China Update Morgan Stanley

Slowly getting back to normal, Worries outside of China the bigger concern

Daily power coal consumption of the six major power generation groups was down by 2.6% DoD, reaching 58% of pre-Lunar New Year (LNY) levels, well below ~90% at this point during normal years. On an actual YoY basis (i.e., same date), growth edged down to -37% on Feb 24 (vs. -36% on Feb 23 and -15% YTD).


“Return to work” traffic improving steadily: Passenger traffic rose to 15.4mn on Feb 24, with DoD growth accelerating to 4% from the average of 2.6% over the past week, suggesting improving return-to-work traffic. Among people who left tier-1 and tier -2 cities during the two weeks before LNY, 47% have returned (vs. 45% and 44% on Feb 23). In the first day of week 3, intra-city traffic congestion narrowed its YoY decline compared with workdays in similar periods last year, to -27% (vs. avg. of -30% post Feb 9).


More provinces adjusted down emergency response levels: The Politburo classified all regions into low-risk, medium-risk and high-risk categories, urging for full and orderly production resumption in low-risk and medium-risk regions. Over the past 24 hours, three more provinces – Jiangsu, Guangxi, and Guizhou – have lowered their level of Emergency Response Mechanism from level I (highest and most restrictive) to Level II & III, which means less restriction on production resumption and traffic normalization.
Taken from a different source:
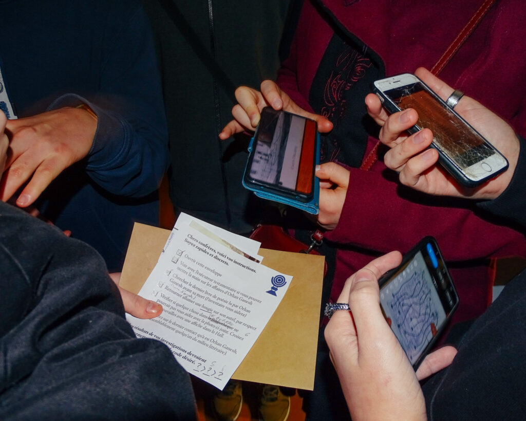 Conçu pour être joué par de grands groupes en simultané, le dispositif ne nécessite aucune préparation préalable de la part des participants et offre une liberté totale de déambulation dans le lieu d’accueil.

Currently, provinces that have de-escalated account for 33% of national GDP.


City-specific property easing on the demand side: The China Zheshang Bank lowered the mortgage down payment ratio for first-time home buyers from 30% to 20% in cities that do not have house purchase restrictions, marking the first commercial bank to take up such measure. That said, we believe this only indicates some city-specific easing, as the PBoC’s 4Q Monetary Policy Implementation report reiterated “houses are for living not speculating”, and the PBoC deputy governor said on Feb 23 that mortgage interest rates would remain at current levels despite the recent LPR cut.